Этой же весной в России было учреждено министерство земледелия. Созданная вскоре комиссия — с участием сибирских губернаторов — выработала и приняла проект о поземельном устройстве крестьян Тобольской, Томской, Иркутской и Енисейской губерний. И хотя новое положение не сулило больших перемен, крестьянский вопрос опять выступал на первый план, и Ядринцев не мог оставаться в стороне… А тут еще вскоре после пасхи явился в Петербург генерал Болдырев, начальник Алтайского округа, и, встретив однажды Николая Михайловича, стал уговаривать его ехать в Барнаул и возглавить созданный там недавно статистический отдел…
— Работа, Николай Михайлович, очень важная и нужная, — говорил генерал, — и я меньше всего желал бы вашего отказа. Мы возлагаем большие надежды на ваш богатый опыт и авторитет. Подумайте и не спешите с ответом.
— Хорошо, я подумаю, — сказал Ядринцев. И на следующий день объявил о своем согласии. Сомнениям и колебаниям не осталось места — ехать, непременно ехать! Сибирь звала его, нуждалась в нем… И в начале мая, спешно собравшись, Ядринцев отправился в путь. Он спешил, точно боясь опоздать, нигде подолгу не задерживаясь, но и в то же время внутренне противился этой спешке, заезжал то в одно место, куда можно бы и не заезжать, то в другое; он как будто предчувствовал, что поездка эта последняя, и всячески медлил, оттягивал прибытие в конечный пункт своего пути… Николай Михайлович ожидал, что в Томске встретит его лишь Корчуганов, которого он уведомил о своем приезде телеграммой, но, сойдя с парохода, увидел и Корчуганова, и Сущинского, и Боголюбскую… Александра Семеновна стояла чуть в стороне, особняком, и Ядринцев заметил ее не сразу. Спускаясь по шаткой ребристой сходне и видя сияющие лица друзей, он вдруг почувствовал чей-то сторонний взгляд, повернул голову и, точно споткнувшись, замедлил шаги… Горячая волна окатила его, обожгла, и он, испытывая одновременно боль, смятение и невыразимую радость, двинулся сквозь этот невидимый обжигающий поток, неотрывно глядя в лицо Боголюбской. Пришла, пришла! — ликовало все его существо, переполненное любовью, нежностью к этой женщине; и он готов был пасть перед ней на колени и просить прощения, не зная за что, готов был ей все простить — только бы она вот так стояла и смотрела на него, всегда была рядом… Ядринцев сумел, однако, сдержать себя, сохранить внешнее спокойствие. Друзья бросились к нему, смеясь и что-то наперебой говоря, а он, видя их, видел и то, что Боголюбская осталась неподвижной, словно тем самым подчеркивая, что их встреча не должна иметь ничего общего с этой суетностью, с этой, быть может, и не напускной, вполне искренней, но и в то же время несколько искусственной, нарочитой веселостью. Он взглядом ответил: да, да, вы правы. А сам уже обнимал поочередно молодых, крепкоплечих друзей своих, Корчуганова, Сущинского…
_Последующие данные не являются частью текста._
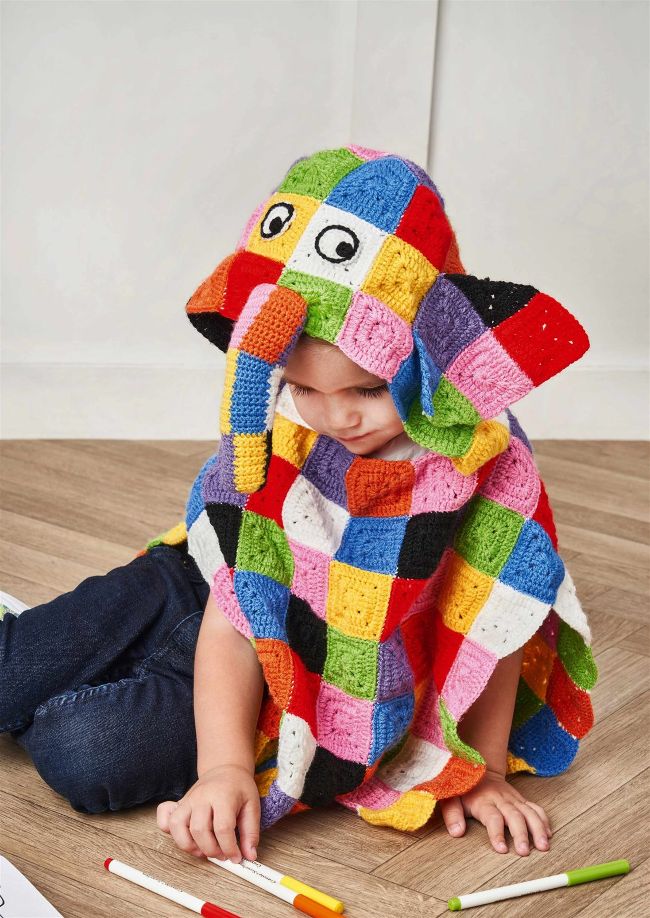 Kids can pretend to be Elmer the Elephant in this fun poncho by Kelly Wilson Moore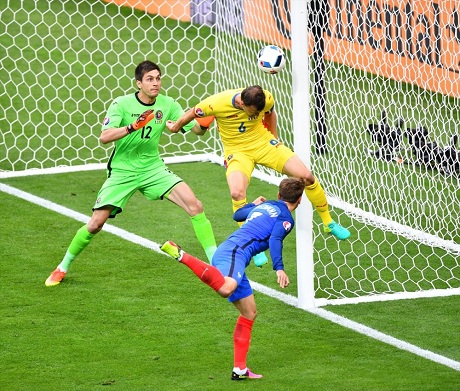 Lîstikvanê Fransayê Giroud xuleka 58emîn bi serê xwe gola yekem avêt Romanya, lê lîstikvanê Romanyayê Stancu jî xuleka 65emîn bi penaltiyê bersiva gola Fransayê da.

— Это что еще за консилиум собрался? — шутливо спрашивал. — Одни врачи… Николай Глебович, Петр Григорьевич, объясните, что сие значит: нет ли в этом опасной подоплеки?
— Есть, Николай Михайлович, есть подоплека, — отвечал Корчуганов. — Но не опасная. Напротив. Коли много врачей, опасаться нечего.
— Пожалуй, вы правы: когда рядом доктора, чувствуешь себя спокойнее. Только вот я думаю, — посмеивался сдержанно, переводя взгляд с одного на другого, — сколько же надобно докторов, чтобы избавить Сибирь от всех ее недугов? Да и по силам ли это одним-то докторам, а? Как полагаете?..
— Докторам, Николай Михайлович, многое по силам… — многозначительно сказал Сущинский. — Как вы себя чувствуете? Не утомила дорога?
— Ну, батенька, я старый путешественник и к дорогам привык. А у вас тут прекрасная погода. На Волге дожди…
— Это мы к вашему приезду постарались. Угодили?
— Спасибо, друзья, угодили. Угодили… — рассеянно отвечал, как-то разом отключаясь от этого легкого, как бы даже и не обязательного разговора, опять видя перед собой лишь Боголюбскую, стройную и высокую, в темном глухом платье, со строгою сдержанностью в лице. Он шагнул к ней, охваченный нетерпением, и Александра Семеновна, словно обороняясь, протянула сначала одну руку, потом другую… Ядринцев сжал их с силой, порывисто наклонившись, и спрятал лицо в горячих жестковатых ее ладонях, пахнущих лавандою.
— Вот и все… Теперь все! — сказал он с чувством. — Больше нам нельзя разлучаться. Слышите, Сашенька? Нельзя.